Minimization of the energy was done using the steepest descent method:
${\bf n}_{new}={\bf n}_{old}+\delta t\,\nabla L$, which corresponds to
the dissipative dynamics $\dot{\bf n}=\nabla L$. This was sometimes
accelerated by taking into account also the gradient of the previous
step. The expression for the gradient was calculated from the
discretized Lagrangian using the symbolic algebra program Reduce. We
did not use Lagrange multipliers, but rather renormalized ${\bf
n}_{new}$ to preserve unit length. On the lattice boundary the vector
was fixed to ${\bf n}=(0,0,1)$.  The fact that the system was put into
a box with fixed boundaries introduced some boundary pressure. For
this reason we cannot exactly attain the prediction of the virial
theorem stating that the topological and kinetic energies should be
equal.

We did first some calculations on a $50^3$ and $100^3$ lattices, but
it soon became clear that even for un-knots the discretization effects
could sometimes change the outcome: If the lattice is too small some
neighboring vectors could turn anti-parallel and break the
topology. The present computations were done on a $240^3$ lattice
divided into $4^3$ processors on Cray T3E parallel machine.  Each
round of iteration took about 2 seconds.  Typical runs took around
60-70.000 iterations, i.e., 30-40 hours (for charge 1 and 2 linked
un-knots).  Also, to make sure there were no topology-breakup effects
we followed the nearest-neighbor differences of the vectors, in our
computations $\max\left|{\bf n}\cdot{\bf n}_{nn}-1\right|$ was large
only at the very beginning and even then the differences never
exceeded $0.1$ and later were typically $0.02$.

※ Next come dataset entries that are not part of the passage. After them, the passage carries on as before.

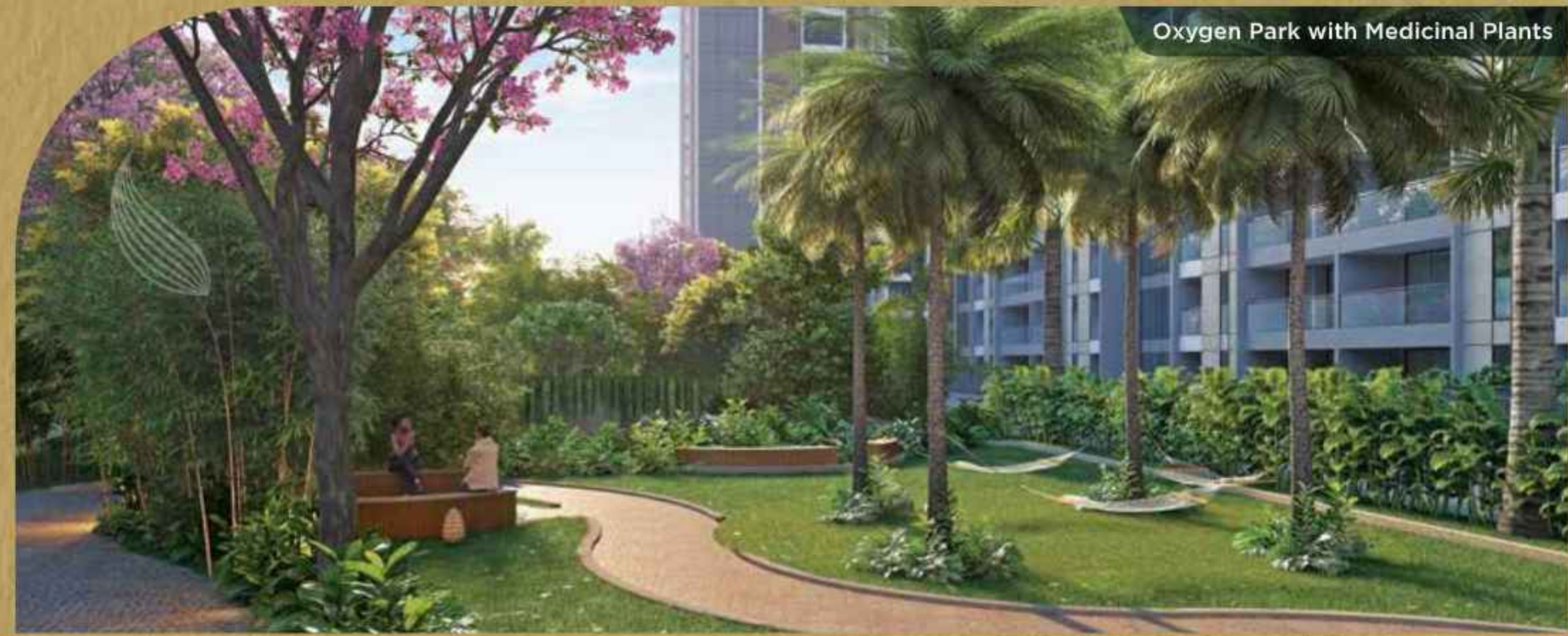
Oxygen Park with Medicinal Plants

Every amenity should support a lifestyle that's green, fit and holistic - at Pristine O2 world, we truly believe this. Starting with an Oxygen Park packed with medicinal plants, each amenity here is a motivational treat.
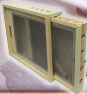
ASIAN HORNET TRAP M01546
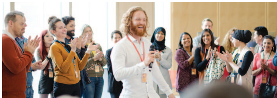
Community Education projects and courses take place in many locations countywide in partnership with community and voluntary groups and agencies.

Women's groups, Mens groups, Parenting groups, Older persons groups, New Communities, Networks, Health Service Executive, Tusla, Child and Family Agency, County Councils, Home School Liaison Projects, Community Development Projects, Traveller Projects and Partnership Companies.
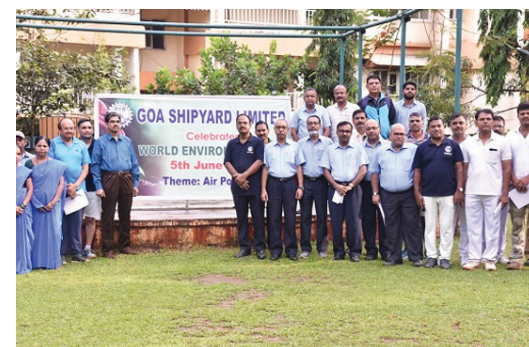
GSL celebrates World Environment Day with Tree plantation

World Environment Day occurs on June 5th every year, is the United Nations's principal vehicle for encouraging worldwide awareness and action for the protection of our environment.
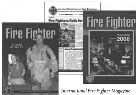
International Fire Fighter Magazine and AKPFFA Newsletter

Mailing Address Post Office Box 111222 Anchorage, Alaska 99511
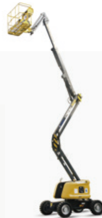
Aerial work platforms
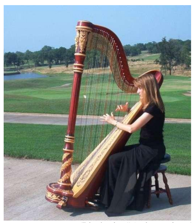
(Taken from http://mixgalaxyrecords.com/)
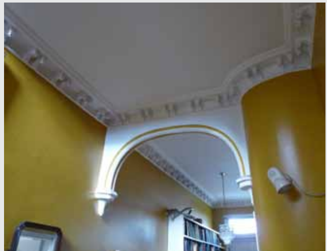
31 Addison Avenue - internal mouldings
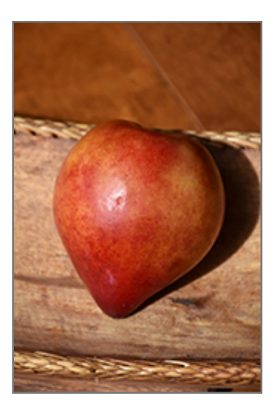
Elephant Heart Plum fruit
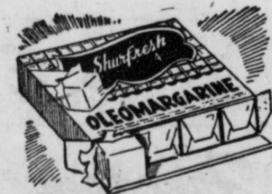
5 lbs. $1
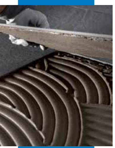
Installing thin porcelain tile on floor
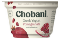
YOGURT GREEK POMEGRANATE FFR CHOBANI 12/5.3 OZ #082167
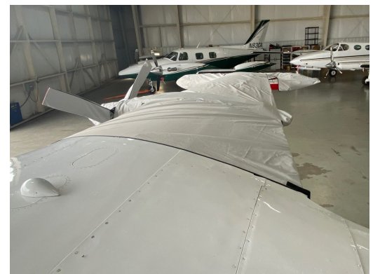
MU-2 Wing/Engine Covers
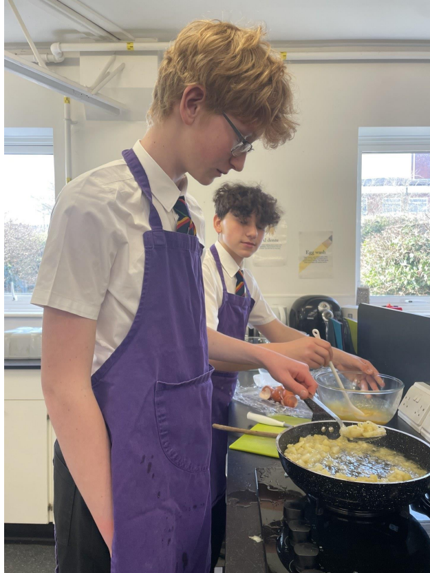
9 - Year 8 pupils making Spanish Tortillas
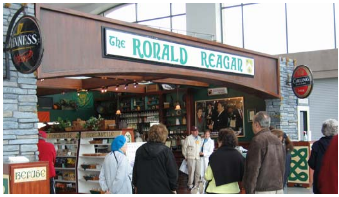
An Irish Pub named after Reagan was imported
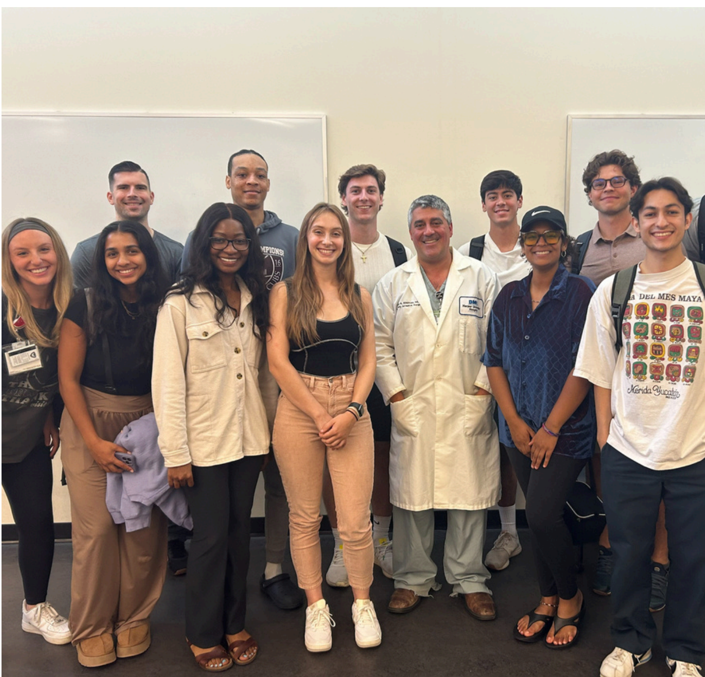
Medical students explored career paths through more than 30 Medical Specialty Sessions hosted by alumni.
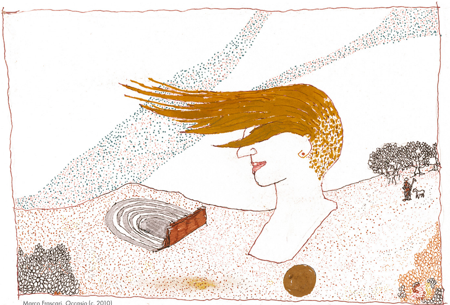
Marco Frascari, Occasio (c. 2010)

Architecture is protean. If asked directly to reveal herself, she will offer instead some disguise, a personification by which to elude us. However, if we remember that the role of the architect is to make tangible what is intangible, we can solve the puzzle and rediscover the image embodied in it, the corporeality of theater and the theater of corporeality.*
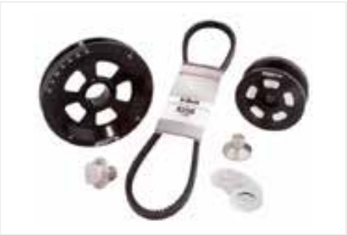
Pressure conversion kit → Gives you the flexibility to store only 1 pressure variant. → Make adjustments depending on the required pressure variant.
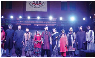
Students celebrating the vibrant customs and traditions of Pakistan
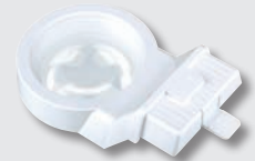
191102 Head MODULAR 20 D / Ø 55 mm
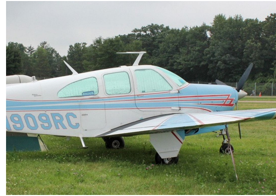
Beech Bonanza/Debonair HeatShield Set
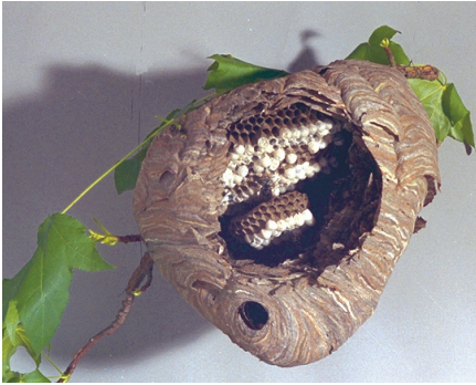
Figure 4: Baldfaced hornet nest cutaway to expose paper comb.
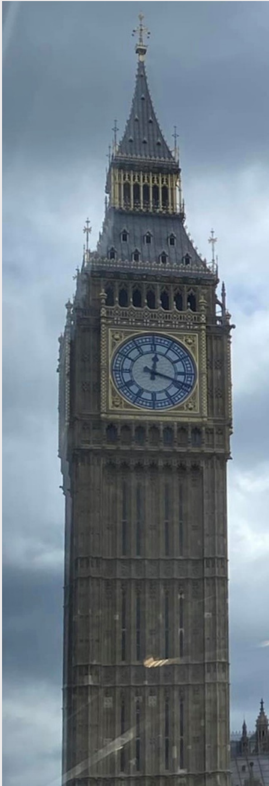
"Big Ben" London, UK
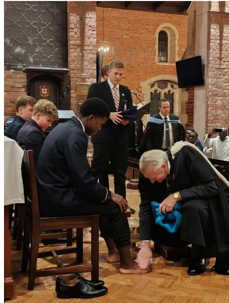
Scenes from the Induction Service and the Washing of the Feet Ceremony

Congratulations to the following boys who have been selected as House Prefects:
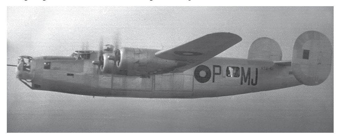
RAAF Liberator A72-61, identified as part of No. 21 Squadron because of the "MJ" fuselage code. No. 21 Squadron became operational at Fenton in January 1945. (Bob Livingstone)

Bombed secondary tgt Kairotoe strip ... 48 \times 100 lb demos. All bombs in strip area – nil sightings – 2 bursts of A-A from Village near strip.
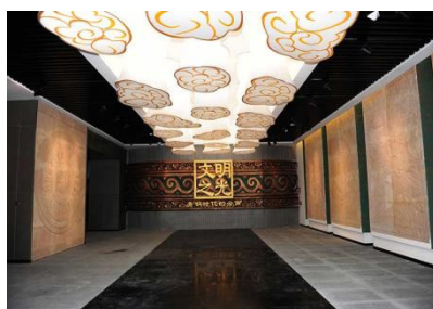
Fig. 8 Internal exhibition hall of Yunnan Provincial Museum
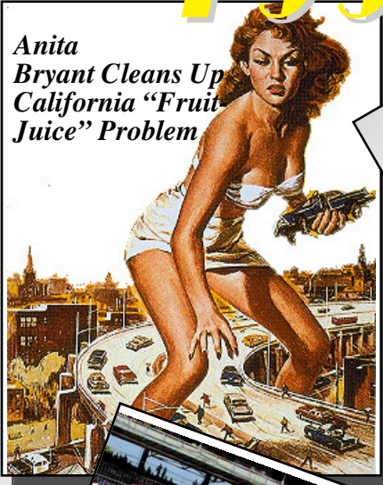
Anita Bryant Cleans Up California "Fruit Juice" Problem
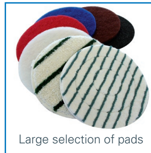
Large selection of pads
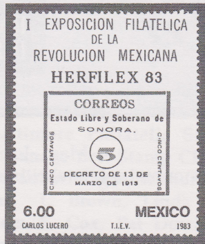
Stamp issued by Mexico for an international exhibition in Hermosillo, Sonora, in 1983.

Mexico City, 1983 in Hermosillo, 1985 in Mexico City, and 1988 in Monterrey. Our society name, Mexico Elmhurst Philatelic Society International, was spelled out on the 1979 stamp (Scott No. C605) and on the 1985 souvenir sheet (Scott No. 1385.). The name of the 1988 meeting and exhibition in Monterrey, MEPSIRREY '88, was featured across the top of the stamp issued for that event (Scott Nos. 1545 - 47).
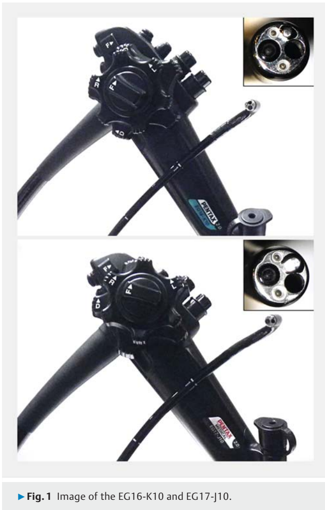
► Fig. 1 Image of the EG16-K10 and EG17-J10.

result, examination time using ultrathin scopes is longer than with conventional scopes. In a previous study, a flexible ultrathin scope was found to reduce patient discomfort during the examination but significantly lengthened the examination time [12]. From the standpoint of time efficiency, a longer ex-
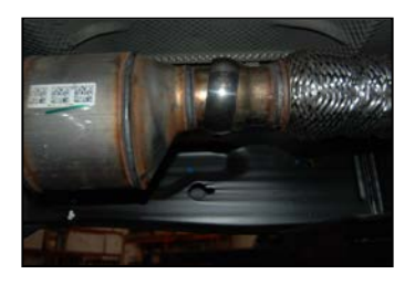
2. To remove stock exhaust, unclamp it at the ball connection behind the Y-pipe. Make sure to leave all rubber grommets in the factory location. You will re-use stock clamp. For easier removal of exhaust, cut behind the muffler. Use WD-40 to remove hangers from

1. Disconnect the negative battery cable before removal of OEM exhaust. This will allow the computer to reset and recognize the new exhaust. Lay out the exhaust on the floor so it looks like the drawing and compare parts with manual.
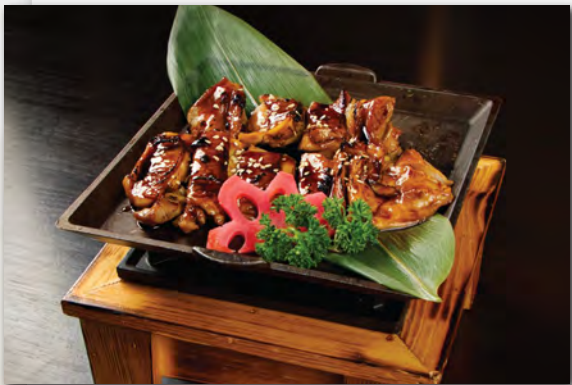
鳥照り焼き Tori Teriyaki $11.80 Fried Chicken Fillet with Teriyaki Sauce
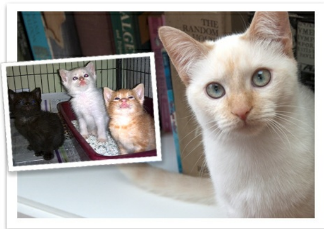
Coco, all grown up with siblings Choco and ChiChi (inset).
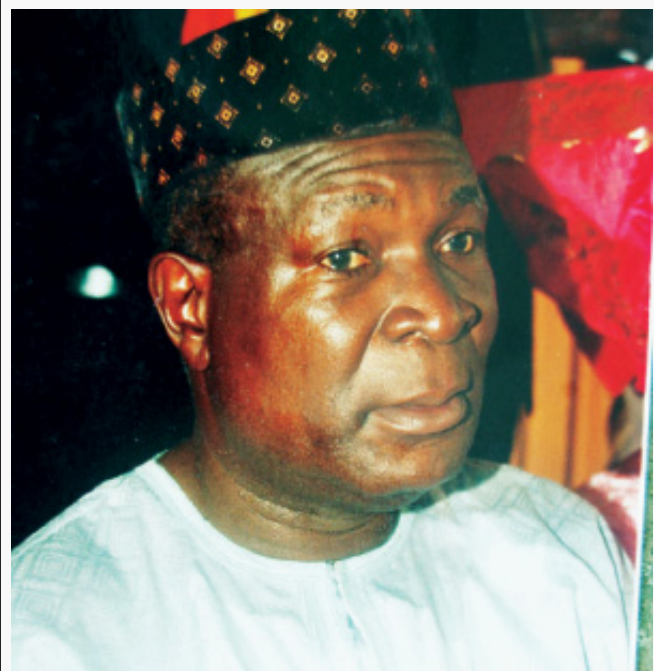
The late Ohanwe
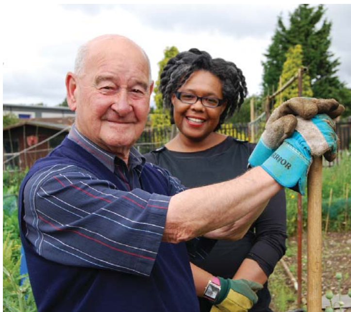
Walsall Road Allotments, Birmingham

turnover of more than £77,000 (at April 2012) a year, must register for Value Added Tax (VAT) and keep detailed records. This figure is usually changed annually.
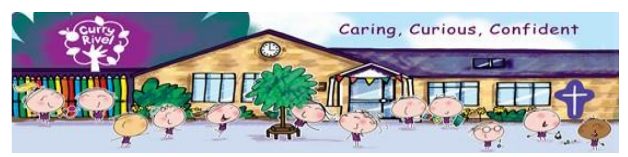
The Somerset Inclusion Tool - Valuing SEND

'Valuing SEND' was developed by three local authorities with schools, parent carers and IMPOWER. It is designed to help schools to better understand and meet the needs of their children with SEND, and to help them improve their whole-school SEND readiness. It will be used across Somerset schools moving forward and could make a real difference to children and young people in Somerset. Involvement of parent carers in using 'Valuing SEND' is absolutely key. There are two sessions for parent/carers which will take place next week with the Parent Carer Forum. If you have interested parent/carers, please register here - <a href="https://events.teams.microsoft.com/event/5d24e330-0e3e-463f-b2b0-c322f5165fb2@a44cf386-52d7-497f-85c3-687c8a966409">https://events.teams.microsoft.com/event/5d24e330-0e3e-463f-b2b0-c322f5165fb2@a44cf386-52d7-497f-85c3-687c8a966409</a>
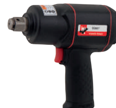
1/2" Impact wrench EG1460A
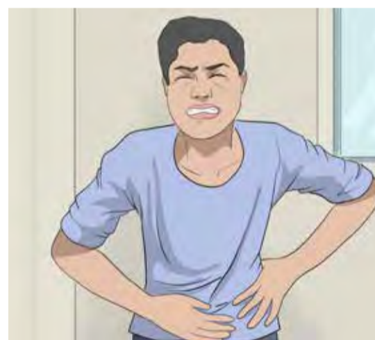
Diarrhoea that looks like "rice water" in large amounts
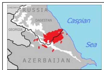
In Red - Lezgi home region - in southern Dagestan (Russia) & northern Azerbaijan.

In the 90 Lezgi towns and villages of Dagestan—see Page 2—the Lezgi raise sheep and goats, combined with subsistence agriculture, leather working, and textile production [famous hand woven carpets]. Life is similar in the more than 50 Lezgi towns and villages of northern Azerbaijan; with the exception that in Dagestan Russian serves as the 2 nd language, whereas Azeri is the 2 nd language for Lezgi in Azerbaijan. The Lezgi language, however, is alive and well—with robust oral activity in Lezgi villages, homes, and schools; and a huge reservoir of Lezgi literature and music. Many Lezgi have also out-migrated from rural Lezgi regions to urban areas of Dagestan and Azerbaijan, primarily for economic reasons. Patriarchal social structure among the Lezgi remains strong, especially in village life and in demarcated urban enclaves.
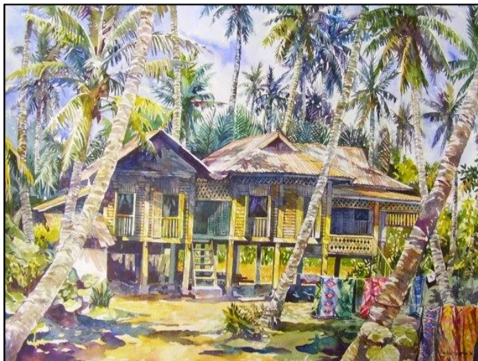
Figure 2: Haron Mokhtar “Suasana di Kampung” (2007) water colour, 640 cm x 450 cm, Realism
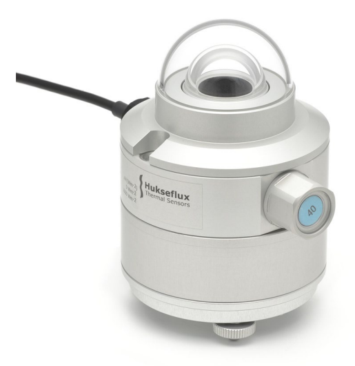
Figure 3 SR12-TR with its sun screen removed

SR12-TR pyranometer employs a thermal sensor with black coating, two glass domes and an anodised aluminium body, which also houses the transmitter.
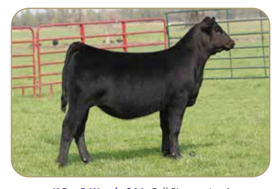
K Bar D Wendy 86J - Full Sister to Lot 4

It is, in general, hard to visualize vector-fields in three
dimensions.  Often we associate flow lines to vector fields by
imagining how a test particle would move if the vector field would be
its velocity field.  In the present case, however, this method is not
relevant. The point is that there is a global gauge invariance and
field lines change in an essential way under such global rotations.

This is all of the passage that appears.